In the background, it is the story of a success punctuated by setbacks that emerges, which is told to us.

“I always try to go with storytelling, rather than a classic documentary approach,” says Thom Zimny.

“It’s a capture of reality, but told. I didn’t want to put Sly in a chair and stupidly film him while he reminisces about parts of his personal and professional life. I wanted to film him in motion, because, and this is one of the first things that struck me, Sly never stops. I quickly understood that it was up to me to keep the rhythm, because he always has an idea: he is doing a reality TV show. [The Family Stallone/La famille Stallone]he produces this, he writes that, and that makes him think about this, which leads him to remember that…”
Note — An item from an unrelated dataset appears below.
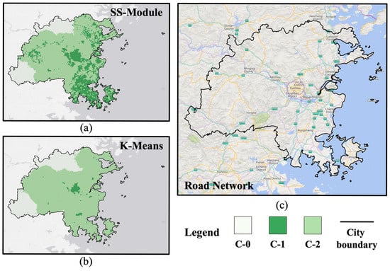Comparison of clustering results between K-means and the SS-Module. (a) Spatial distribution of clusters produced by K-means. (b) Spatial distribution of clusters produced by the SS-Module. (c) Actual road network of Fuzhou. In the legend, “C-0”, “C-1”, and “C-2” represent Cluster 0, Cluster 1, and Cluster 2 in both clustering results, respectively.
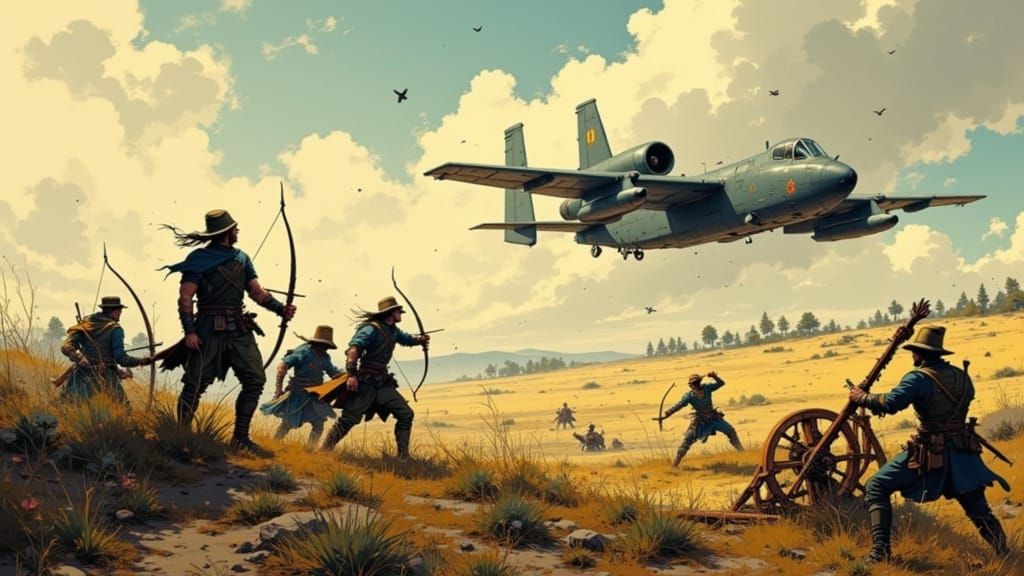 Unleash your imagination! Create epic 'Merging Wars' scenes with our AI image generator, free and easy to use.

Thom Zimny ​​therefore agreed to follow the subject in his universe, without asking him pre-established questions, but rather by bouncing off Stallone’s impromptu confidences and sudden reminiscences. It was, according to the documentary maker, richer, more alive and more real that way.

“When I collaborate with such a famous, well-known person, I try to both keep my feet on the ground and maintain a total open-mindedness. By that I mean, in the case of Sly, that what I knew about him initially came down to my impressions linked to his successive films, linked to my memories of all those video cassettes rented in the 1980s. C ‘is very little; it only represents a tiny part. The key is to listen to the person. Sly, I had no idea, but not at all, how intense his childhood was; to what extent we detect traces of it in his films, in Rocky. I wasn’t prepared for this. And that was a good thing in this case. »

Pausing, Thom Zimny ​​concludes: “What Sly gave me was honest dialogue, because it came from the heart. »

The documentary Sly will be released on Netflix on November 3.